ASSIGNMENT: Return the records exactly, keeping every line as it is.

(Records drawn from a dataset)
····················
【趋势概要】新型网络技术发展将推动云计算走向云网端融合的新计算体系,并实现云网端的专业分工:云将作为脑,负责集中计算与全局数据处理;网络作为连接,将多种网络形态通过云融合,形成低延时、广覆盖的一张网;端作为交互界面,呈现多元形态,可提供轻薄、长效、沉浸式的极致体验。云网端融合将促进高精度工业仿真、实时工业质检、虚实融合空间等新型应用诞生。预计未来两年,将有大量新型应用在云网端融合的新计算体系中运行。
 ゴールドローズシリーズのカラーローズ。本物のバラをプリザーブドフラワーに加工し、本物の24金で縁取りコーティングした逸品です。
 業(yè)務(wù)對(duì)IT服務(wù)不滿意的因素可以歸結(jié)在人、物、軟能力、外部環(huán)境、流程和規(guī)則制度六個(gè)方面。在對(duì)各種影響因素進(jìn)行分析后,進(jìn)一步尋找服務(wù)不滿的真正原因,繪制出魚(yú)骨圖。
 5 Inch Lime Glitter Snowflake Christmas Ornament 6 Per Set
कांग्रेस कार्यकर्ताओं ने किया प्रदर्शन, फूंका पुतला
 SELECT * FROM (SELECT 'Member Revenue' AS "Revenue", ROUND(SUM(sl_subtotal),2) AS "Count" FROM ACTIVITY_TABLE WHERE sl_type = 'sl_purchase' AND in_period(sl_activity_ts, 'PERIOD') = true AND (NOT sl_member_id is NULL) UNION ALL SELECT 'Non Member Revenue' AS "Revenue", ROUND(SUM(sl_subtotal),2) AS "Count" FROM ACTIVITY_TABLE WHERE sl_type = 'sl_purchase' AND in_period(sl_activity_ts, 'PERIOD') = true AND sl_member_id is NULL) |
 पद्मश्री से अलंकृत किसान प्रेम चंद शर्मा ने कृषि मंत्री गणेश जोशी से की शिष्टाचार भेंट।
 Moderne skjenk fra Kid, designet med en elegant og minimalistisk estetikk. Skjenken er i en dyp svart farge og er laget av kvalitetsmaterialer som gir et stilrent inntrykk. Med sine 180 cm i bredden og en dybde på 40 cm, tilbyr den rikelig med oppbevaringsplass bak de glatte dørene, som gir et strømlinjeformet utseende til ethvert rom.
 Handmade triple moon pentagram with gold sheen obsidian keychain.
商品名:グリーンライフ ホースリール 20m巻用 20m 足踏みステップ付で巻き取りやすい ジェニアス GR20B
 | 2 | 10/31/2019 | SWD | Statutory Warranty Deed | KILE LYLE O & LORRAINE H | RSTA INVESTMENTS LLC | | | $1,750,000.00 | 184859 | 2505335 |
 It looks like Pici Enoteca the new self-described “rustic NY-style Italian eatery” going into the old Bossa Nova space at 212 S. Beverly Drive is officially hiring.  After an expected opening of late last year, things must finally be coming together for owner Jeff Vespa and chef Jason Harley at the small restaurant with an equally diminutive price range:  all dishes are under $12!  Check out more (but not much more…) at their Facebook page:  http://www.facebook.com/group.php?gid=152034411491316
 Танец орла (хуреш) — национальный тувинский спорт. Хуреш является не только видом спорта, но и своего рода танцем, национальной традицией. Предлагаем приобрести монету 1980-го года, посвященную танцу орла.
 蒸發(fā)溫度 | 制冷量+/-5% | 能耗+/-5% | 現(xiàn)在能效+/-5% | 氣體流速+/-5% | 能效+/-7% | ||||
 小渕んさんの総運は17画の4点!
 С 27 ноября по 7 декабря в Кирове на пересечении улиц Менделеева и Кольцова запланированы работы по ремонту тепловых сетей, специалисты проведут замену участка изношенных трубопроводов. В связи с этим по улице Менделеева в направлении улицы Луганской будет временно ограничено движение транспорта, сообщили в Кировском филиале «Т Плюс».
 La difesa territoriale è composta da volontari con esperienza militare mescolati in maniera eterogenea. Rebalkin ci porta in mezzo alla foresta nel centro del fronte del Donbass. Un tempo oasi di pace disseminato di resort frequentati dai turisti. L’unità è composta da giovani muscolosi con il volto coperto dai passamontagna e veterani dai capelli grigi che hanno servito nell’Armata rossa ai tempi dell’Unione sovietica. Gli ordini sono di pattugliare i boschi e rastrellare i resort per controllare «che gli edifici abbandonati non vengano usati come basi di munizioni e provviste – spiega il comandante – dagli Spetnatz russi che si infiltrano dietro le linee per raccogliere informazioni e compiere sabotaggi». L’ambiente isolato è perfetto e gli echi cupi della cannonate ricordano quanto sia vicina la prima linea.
····················
COMPLETED EXERCISE:
【趋势概要】新型网络技术发展将推动云计算走向云网端融合的新计算体系,并实现云网端的专业分工:云将作为脑,负责集中计算与全局数据处理;网络作为连接,将多种网络形态通过云融合,形成低延时、广覆盖的一张网;端作为交互界面,呈现多元形态,可提供轻薄、长效、沉浸式的极致体验。云网端融合将促进高精度工业仿真、实时工业质检、虚实融合空间等新型应用诞生。预计未来两年,将有大量新型应用在云网端融合的新计算体系中运行。
 ゴールドローズシリーズのカラーローズ。本物のバラをプリザーブドフラワーに加工し、本物の24金で縁取りコーティングした逸品です。
 業(yè)務(wù)對(duì)IT服務(wù)不滿意的因素可以歸結(jié)在人、物、軟能力、外部環(huán)境、流程和規(guī)則制度六個(gè)方面。在對(duì)各種影響因素進(jìn)行分析后,進(jìn)一步尋找服務(wù)不滿的真正原因,繪制出魚(yú)骨圖。
 5 Inch Lime Glitter Snowflake Christmas Ornament 6 Per Set
कांग्रेस कार्यकर्ताओं ने किया प्रदर्शन, फूंका पुतला
 SELECT * FROM (SELECT 'Member Revenue' AS "Revenue", ROUND(SUM(sl_subtotal),2) AS "Count" FROM ACTIVITY_TABLE WHERE sl_type = 'sl_purchase' AND in_period(sl_activity_ts, 'PERIOD') = true AND (NOT sl_member_id is NULL) UNION ALL SELECT 'Non Member Revenue' AS "Revenue", ROUND(SUM(sl_subtotal),2) AS "Count" FROM ACTIVITY_TABLE WHERE sl_type = 'sl_purchase' AND in_period(sl_activity_ts, 'PERIOD') = true AND sl_member_id is NULL) |
 पद्मश्री से अलंकृत किसान प्रेम चंद शर्मा ने कृषि मंत्री गणेश जोशी से की शिष्टाचार भेंट।
 Moderne skjenk fra Kid, designet med en elegant og minimalistisk estetikk. Skjenken er i en dyp svart farge og er laget av kvalitetsmaterialer som gir et stilrent inntrykk. Med sine 180 cm i bredden og en dybde på 40 cm, tilbyr den rikelig med oppbevaringsplass bak de glatte dørene, som gir et strømlinjeformet utseende til ethvert rom.
 Handmade triple moon pentagram with gold sheen obsidian keychain.
商品名:グリーンライフ ホースリール 20m巻用 20m 足踏みステップ付で巻き取りやすい ジェニアス GR20B
 | 2 | 10/31/2019 | SWD | Statutory Warranty Deed | KILE LYLE O & LORRAINE H | RSTA INVESTMENTS LLC | | | $1,750,000.00 | 184859 | 2505335 |
 It looks like Pici Enoteca the new self-described “rustic NY-style Italian eatery” going into the old Bossa Nova space at 212 S. Beverly Drive is officially hiring.  After an expected opening of late last year, things must finally be coming together for owner Jeff Vespa and chef Jason Harley at the small restaurant with an equally diminutive price range:  all dishes are under $12!  Check out more (but not much more…) at their Facebook page:  http://www.facebook.com/group.php?gid=152034411491316
 Танец орла (хуреш) — национальный тувинский спорт. Хуреш является не только видом спорта, но и своего рода танцем, национальной традицией. Предлагаем приобрести монету 1980-го года, посвященную танцу орла.
 蒸發(fā)溫度 | 制冷量+/-5% | 能耗+/-5% | 現(xiàn)在能效+/-5% | 氣體流速+/-5% | 能效+/-7% | ||||
 小渕んさんの総運は17画の4点!
 С 27 ноября по 7 декабря в Кирове на пересечении улиц Менделеева и Кольцова запланированы работы по ремонту тепловых сетей, специалисты проведут замену участка изношенных трубопроводов. В связи с этим по улице Менделеева в направлении улицы Луганской будет временно ограничено движение транспорта, сообщили в Кировском филиале «Т Плюс».
 La difesa territoriale è composta da volontari con esperienza militare mescolati in maniera eterogenea. Rebalkin ci porta in mezzo alla foresta nel centro del fronte del Donbass. Un tempo oasi di pace disseminato di resort frequentati dai turisti. L’unità è composta da giovani muscolosi con il volto coperto dai passamontagna e veterani dai capelli grigi che hanno servito nell’Armata rossa ai tempi dell’Unione sovietica. Gli ordini sono di pattugliare i boschi e rastrellare i resort per controllare «che gli edifici abbandonati non vengano usati come basi di munizioni e provviste – spiega il comandante – dagli Spetnatz russi che si infiltrano dietro le linee per raccogliere informazioni e compiere sabotaggi». L’ambiente isolato è perfetto e gli echi cupi della cannonate ricordano quanto sia vicina la prima linea.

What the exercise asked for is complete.